PROBLEM DESCRIPTION
Could you repeat every line below exactly, skipping the images?
____
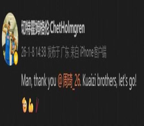 北京时间1月8日,雷霆球员切特-霍姆格伦在微博发了视频,感谢了北京北汽球员周琦为自己的全明星拉票。
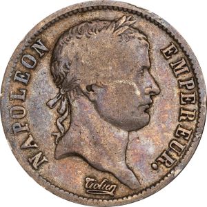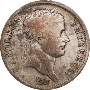 The first specimen was lot 71356 in Stack's Bowers Collectors Choice sale (Costa Mesa, CA, September 2025), where it sold for $312. The catalog description[1] noted, "FRANCE. Empire. 2 Francs, 1810-L. Bayonne Mint. Napoleon I. PCGS VF-20. Variety with mintmark on the right. The only example of the type in the PCGS population report, this wholesome yet fairly well circulated specimen offers a charming overall appearance. From the Richard Margolis Collection (acquired from Mike Geen at NYINC on 12 December 1980 for $100)." The second specimen was lot 71357 in Stack's Bowers Collectors Choice sale (Costa Mesa, CA, September 2025), where it sold for $456. The catalog description[1] noted, "FRANCE. Empire. 2 Francs, 1810-L. Bayonne Mint. Napoleon I. PCGS Genuine--Cleaned, Fine Details. Variety with mintmark on the left. A well circulated and cleaned example of the emission. From the Richard Margolis Collection (acquired from Superior in 1996 for $27.50). Ex: Superior (6/1996) Lot # 3577." This type was struck 1809-14 during the reign of Napoleon I from numerous mints. This date is known with the mintmark on the right and the mintmark on the left; the Margolis collection had both, which we show here.
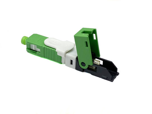 کانکتور سریع SC/APC، رنگ سبز، کلپ سفید برای باز کردن و بستن مجدد کانکتور، بوت مربع می تواند بالا و پایین چرخیده شود.
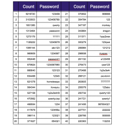 Najčešće i ujedno i najgore lozinke pronađene u ovoj bazi podataka su "123456", "123456789", "qwerty", "password" i "111111".
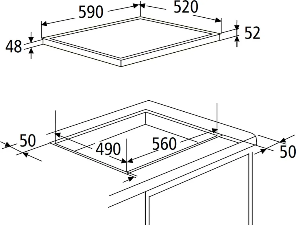 Gerätemaß Kochfeld (HxBxT) 5,20 x 59,00 x 52,00 cm
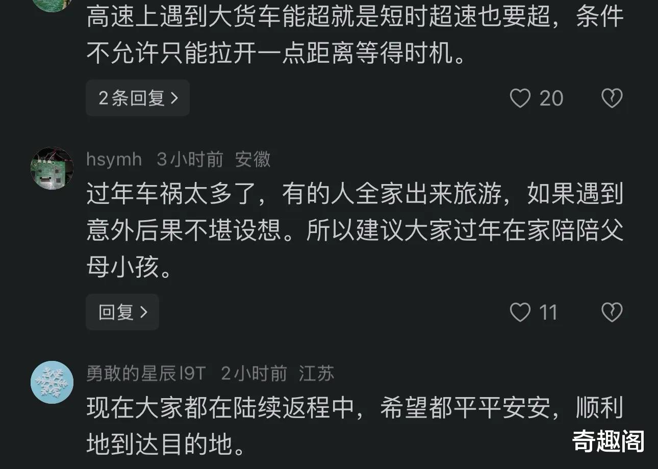 多数网友在为遇难者哀悼的同时,也再次强调了大货车盲区和返程交通安全的重要性。有网友评论称:“远离大货车,这是每个司机的必修课。特别是在春运这种车流密集的时候,小车千万不要和大货车长时间并排行驶。”
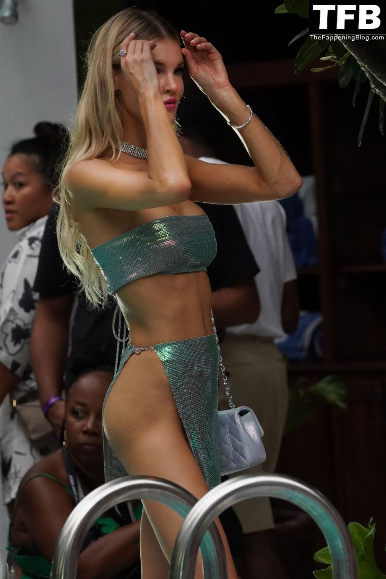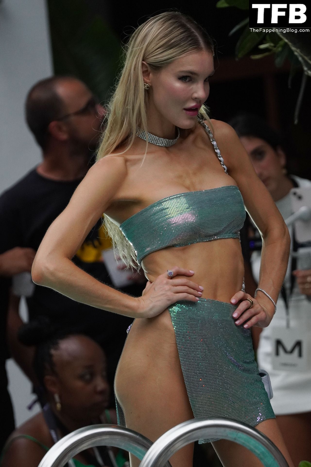 La modelo Joy Corrigan asiste al desfile de trajes de baño “Poster Girl” Cruise ’23 con un conjunto metálico casi inexistente en Soho Beach House en South Beach, 16/07/2022.
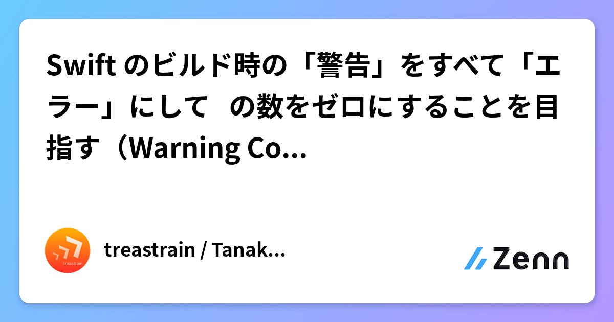Swift のビルド時の「警告」をすべて「エラー」にして ⚠️ の数をゼロにすることを目指す(Warning Control)
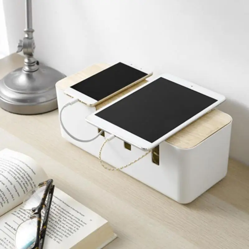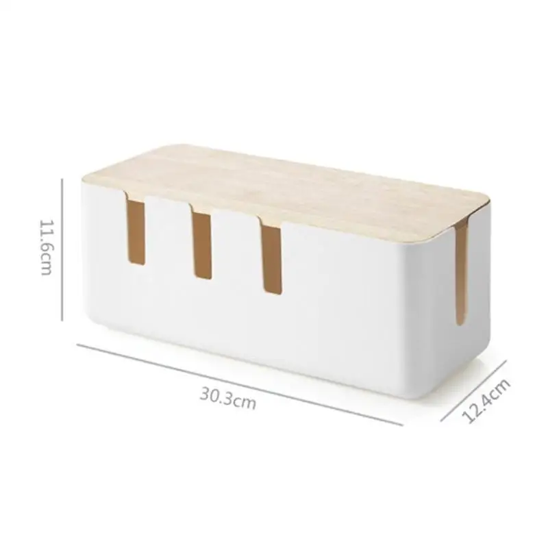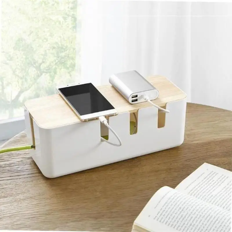HIGH QUALITY ABS Cable Storage Box with Wooden Cover Anti-dust Power Strip Wire Storage Case Network Line Deskto
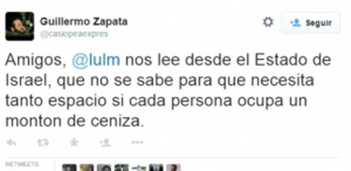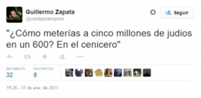 El diario El País ha recuperado algunos ‘tuits’ de Guillermo Zapata, concejal de Ahora Madrid en el Ayuntamiento de Madrid. Por ejemplo: “¿Cómo metes a cinco millones de judíos en un 600? En el cenicero”. Guillermo Zapata será concejal de cultura.
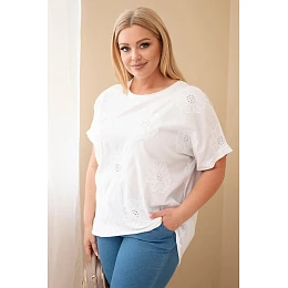 Dámská bavlněná halenka Plus Size s vyšívanými květinami bílá
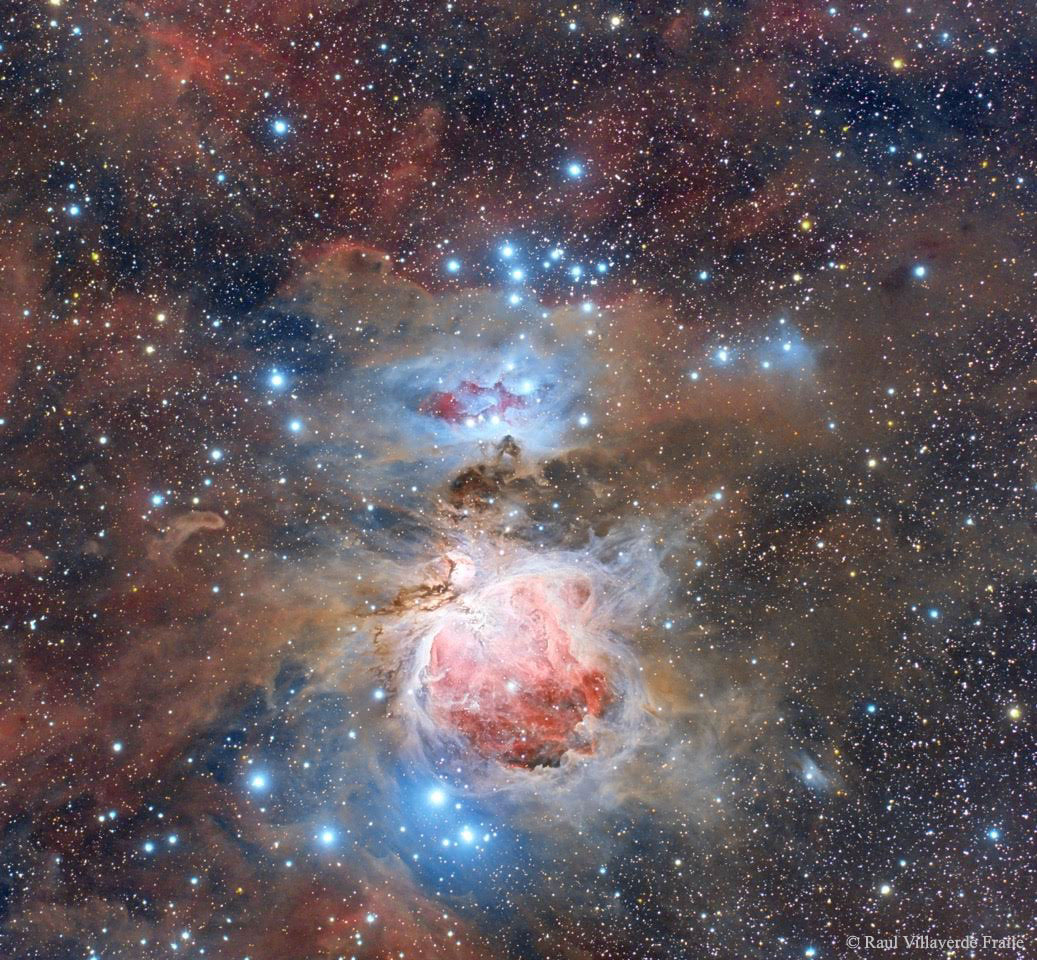 ¿Qué rodea un lugar activo de formación estelar? En el caso de la Nebulosa de Orión, el polvo. Todo el campo de Orión, ubicado a unos 1600 años luz de distancia, está inundado de filamentos intrincados y pictóricos de polvo. Opaco para la luz visible, el polvo se forma en la atmósfera exterior de estrellas frías masivas y es expulsado por un fuerte viento exterior de partículas. El Trapecio y otros cúmulos estelares en formación están incrustados en la nebulosa. Los intrincados filamentos de polvo que rodean M42 y M43 aparecen en color marrón en la imagen destacada, mientras que el gas brillante central se resalta en rojo. Durante los próximos millones de años, gran parte del polvo de Orión será lentamente destruido por las mismas estrellas que ahora se forman, o dispersado dentro de la Galaxia.
____
EXERCISE RESULT
 北京时间1月8日,雷霆球员切特-霍姆格伦在微博发了视频,感谢了北京北汽球员周琦为自己的全明星拉票。
 The first specimen was lot 71356 in Stack's Bowers Collectors Choice sale (Costa Mesa, CA, September 2025), where it sold for $312. The catalog description[1] noted, "FRANCE. Empire. 2 Francs, 1810-L. Bayonne Mint. Napoleon I. PCGS VF-20. Variety with mintmark on the right. The only example of the type in the PCGS population report, this wholesome yet fairly well circulated specimen offers a charming overall appearance. From the Richard Margolis Collection (acquired from Mike Geen at NYINC on 12 December 1980 for $100)." The second specimen was lot 71357 in Stack's Bowers Collectors Choice sale (Costa Mesa, CA, September 2025), where it sold for $456. The catalog description[1] noted, "FRANCE. Empire. 2 Francs, 1810-L. Bayonne Mint. Napoleon I. PCGS Genuine--Cleaned, Fine Details. Variety with mintmark on the left. A well circulated and cleaned example of the emission. From the Richard Margolis Collection (acquired from Superior in 1996 for $27.50). Ex: Superior (6/1996) Lot # 3577." This type was struck 1809-14 during the reign of Napoleon I from numerous mints. This date is known with the mintmark on the right and the mintmark on the left; the Margolis collection had both, which we show here.
 کانکتور سریع SC/APC، رنگ سبز، کلپ سفید برای باز کردن و بستن مجدد کانکتور، بوت مربع می تواند بالا و پایین چرخیده شود.
 Najčešće i ujedno i najgore lozinke pronađene u ovoj bazi podataka su "123456", "123456789", "qwerty", "password" i "111111".
 Gerätemaß Kochfeld (HxBxT) 5,20 x 59,00 x 52,00 cm
 多数网友在为遇难者哀悼的同时,也再次强调了大货车盲区和返程交通安全的重要性。有网友评论称:“远离大货车,这是每个司机的必修课。特别是在春运这种车流密集的时候,小车千万不要和大货车长时间并排行驶。”
 La modelo Joy Corrigan asiste al desfile de trajes de baño “Poster Girl” Cruise ’23 con un conjunto metálico casi inexistente en Soho Beach House en South Beach, 16/07/2022.
Swift のビルド時の「警告」をすべて「エラー」にして ⚠️ の数をゼロにすることを目指す(Warning Control)
HIGH QUALITY ABS Cable Storage Box with Wooden Cover Anti-dust Power Strip Wire Storage Case Network Line Deskto
 El diario El País ha recuperado algunos ‘tuits’ de Guillermo Zapata, concejal de Ahora Madrid en el Ayuntamiento de Madrid. Por ejemplo: “¿Cómo metes a cinco millones de judíos en un 600? En el cenicero”. Guillermo Zapata será concejal de cultura.
 Dámská bavlněná halenka Plus Size s vyšívanými květinami bílá
 ¿Qué rodea un lugar activo de formación estelar? En el caso de la Nebulosa de Orión, el polvo. Todo el campo de Orión, ubicado a unos 1600 años luz de distancia, está inundado de filamentos intrincados y pictóricos de polvo. Opaco para la luz visible, el polvo se forma en la atmósfera exterior de estrellas frías masivas y es expulsado por un fuerte viento exterior de partículas. El Trapecio y otros cúmulos estelares en formación están incrustados en la nebulosa. Los intrincados filamentos de polvo que rodean M42 y M43 aparecen en color marrón en la imagen destacada, mientras que el gas brillante central se resalta en rojo. Durante los próximos millones de años, gran parte del polvo de Orión será lentamente destruido por las mismas estrellas que ahora se forman, o dispersado dentro de la Galaxia.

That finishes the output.